From the first line of the listing below, retype each line up to and including the one with "El presidente de"; pictures stay out.

__Dataset content__
+ + + + +

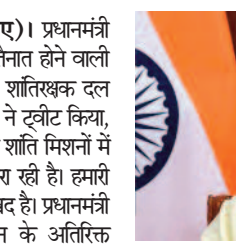
आर्मी ने हैशटैग अंबेई, हैशटैग यूएनआईएफएफपीएम में हैशटैग संयुक्तराष्ट्र मिशन में महिला हैशटैग

शांतिरक्षकों की अपनी सबसे बड़ी टुकड़ी को तैनात करती है। टीम यूएन के इंडे के तहत अत्यधिक परिचालन और चुनौतीपूर्ण इलाकों में से एक में महिलाओं और बच्चों को राहत और सहायता प्रदान करेगी। संयुक्त राष्ट्र में भारत के स्थायी मिशन ने शुक्रवार को एक बयान में कहा कि महिला शांति सैनिकों की पलटन को संयुक्त राष्ट्र अंतरिम सुब्बा बल, अभय (यूनिस्फम) में भारतीय बटालियन के हिस्से के रूप में अंबेई में तैनात किया जाएगा।
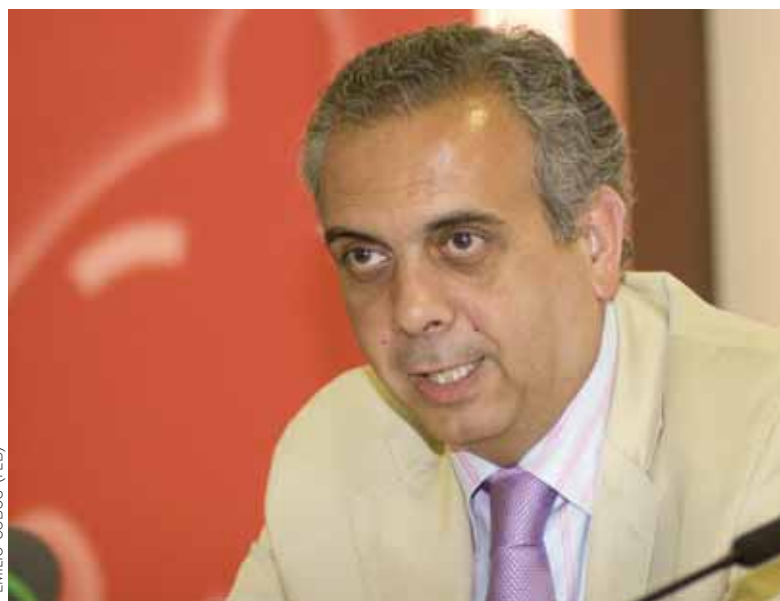
El presidente de la FEB y de la Fundación, en una de las presentaciones de actos sociales de la misma.

En efecto, el pasado mes de mayo nos convertimos en la primera fede-

+ + + + +

__Your response__
आर्मी ने हैशटैग अंबेई, हैशटैग यूएनआईएफएफपीएम में हैशटैग संयुक्तराष्ट्र मिशन में महिला हैशटैग

शांतिरक्षकों की अपनी सबसे बड़ी टुकड़ी को तैनात करती है। टीम यूएन के इंडे के तहत अत्यधिक परिचालन और चुनौतीपूर्ण इलाकों में से एक में महिलाओं और बच्चों को राहत और सहायता प्रदान करेगी। संयुक्त राष्ट्र में भारत के स्थायी मिशन ने शुक्रवार को एक बयान में कहा कि महिला शांति सैनिकों की पलटन को संयुक्त राष्ट्र अंतरिम सुब्बा बल, अभय (यूनिस्फम) में भारतीय बटालियन के हिस्से के रूप में अंबेई में तैनात किया जाएगा।
El presidente de la FEB y de la Fundación, en una de las presentaciones de actos sociales de la misma.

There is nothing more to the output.